Your instructions: A faithful, word-for-word copy of the data below is required, without pictures.

Source material:
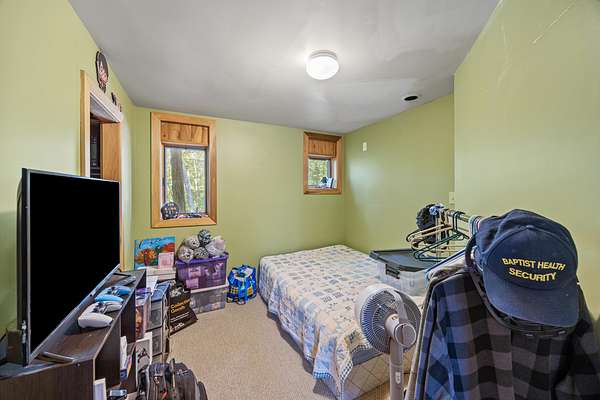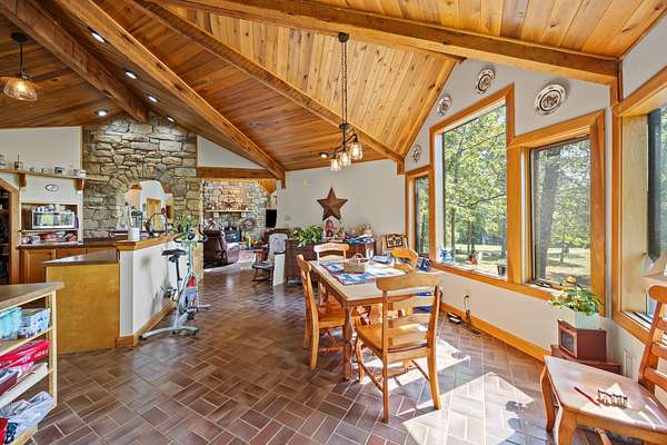 If you're looking for an absolute dream property, look no further! This breathtaking passive solar home is situated on 24.49 surveyed acres and is located at the end of a dead-end road. Inside of the home, you will find tall cathedral ceilings, a stunning stone fireplace, main level primary bedroom with large walk in closet. Enjoy your huge eat in kitchen with a large dining area, a walk-through butler's pantry, and stainless steel appliances. Enjoy your morning coffee on your screened in porch overlooking acres upon acres of woods and wildlife. The basement, which could serve as a separate living quarters, features an additional living/family room, 3 additional bedrooms, and a full bath. Outside, you'll enjoy your large deck with hot tub, a 1,300+ square foot detached garage with 2 garage doors, a second story apartment with a full bathroom, kitchenette, and third story Crow's nest! You also have partial ownership to a stocked pond! With so much wildlife, privacy, and an endless amount of amenities, you definitely do not want to miss out on this beautiful home!
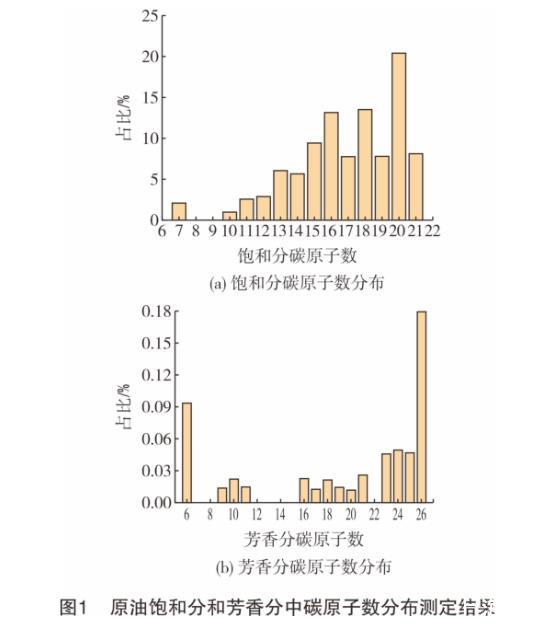 疏水端擴散進入原油的能力對表面活性劑在油水界面吸附,降低油水界面張力有直接影響。根據(jù)“相似相溶”原理,表面活性劑疏水端擴散進入原油的能力和其是否與原油中低極性組分(即飽和分和芳香分)具有相似結(jié)構(gòu)密切相關(guān)。因此,測定原油中飽和分和芳香分的碳原子數(shù)分布,對快速篩選驅(qū)油用表面活性劑具有指導(dǎo)意義。
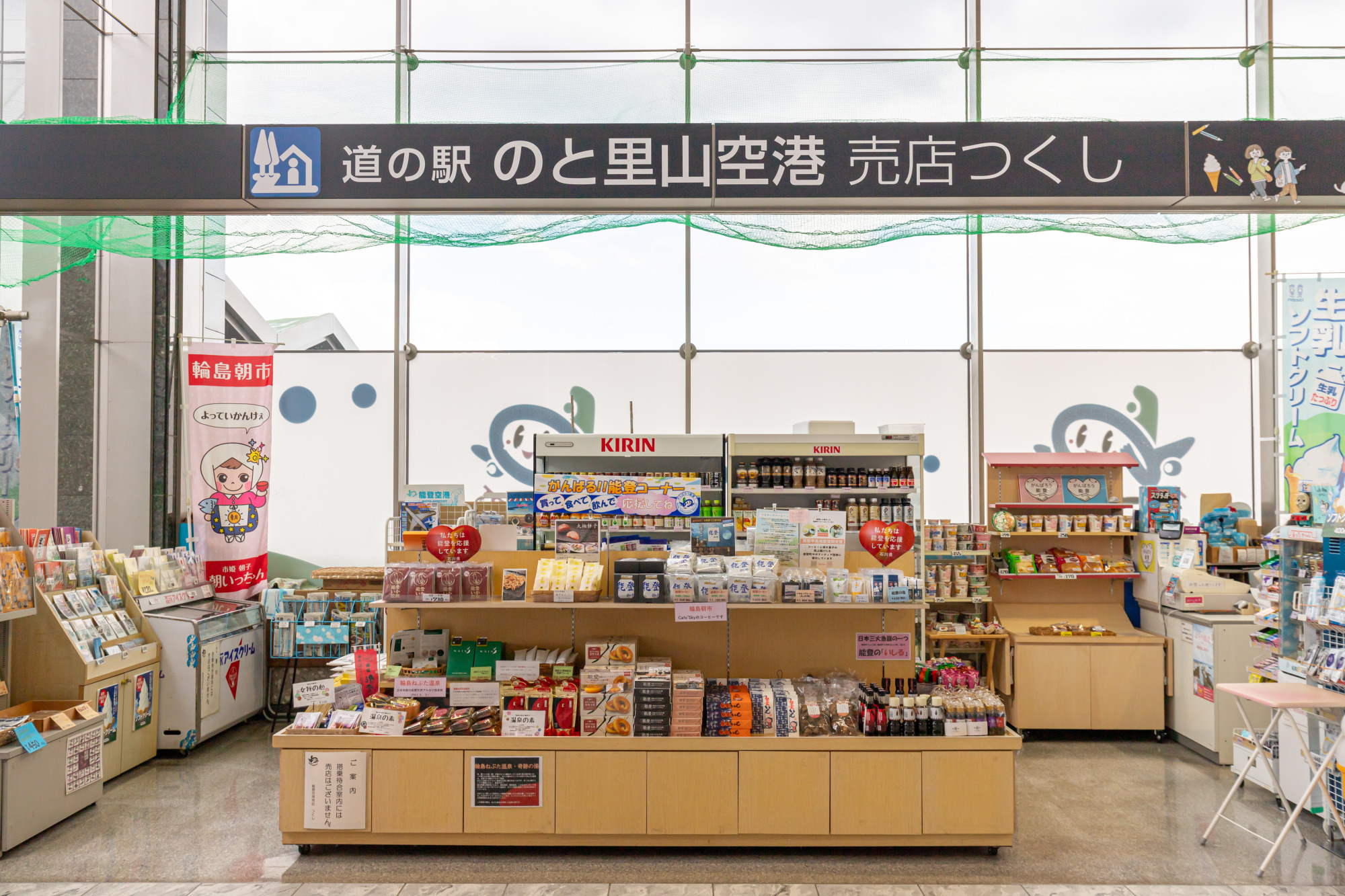 1F 売店/つくし:こちらには「能登応援コーナー」が設置してあり一押し商品が並びます。オリジナルブレンドの「能登空港ソフトクリーム」も是非!

Solution to this exercise:
 If you're looking for an absolute dream property, look no further! This breathtaking passive solar home is situated on 24.49 surveyed acres and is located at the end of a dead-end road. Inside of the home, you will find tall cathedral ceilings, a stunning stone fireplace, main level primary bedroom with large walk in closet. Enjoy your huge eat in kitchen with a large dining area, a walk-through butler's pantry, and stainless steel appliances. Enjoy your morning coffee on your screened in porch overlooking acres upon acres of woods and wildlife. The basement, which could serve as a separate living quarters, features an additional living/family room, 3 additional bedrooms, and a full bath. Outside, you'll enjoy your large deck with hot tub, a 1,300+ square foot detached garage with 2 garage doors, a second story apartment with a full bathroom, kitchenette, and third story Crow's nest! You also have partial ownership to a stocked pond! With so much wildlife, privacy, and an endless amount of amenities, you definitely do not want to miss out on this beautiful home!
 疏水端擴散進入原油的能力對表面活性劑在油水界面吸附,降低油水界面張力有直接影響。根據(jù)“相似相溶”原理,表面活性劑疏水端擴散進入原油的能力和其是否與原油中低極性組分(即飽和分和芳香分)具有相似結(jié)構(gòu)密切相關(guān)。因此,測定原油中飽和分和芳香分的碳原子數(shù)分布,對快速篩選驅(qū)油用表面活性劑具有指導(dǎo)意義。
 1F 売店/つくし:こちらには「能登応援コーナー」が設置してあり一押し商品が並びます。オリジナルブレンドの「能登空港ソフトクリーム」も是非!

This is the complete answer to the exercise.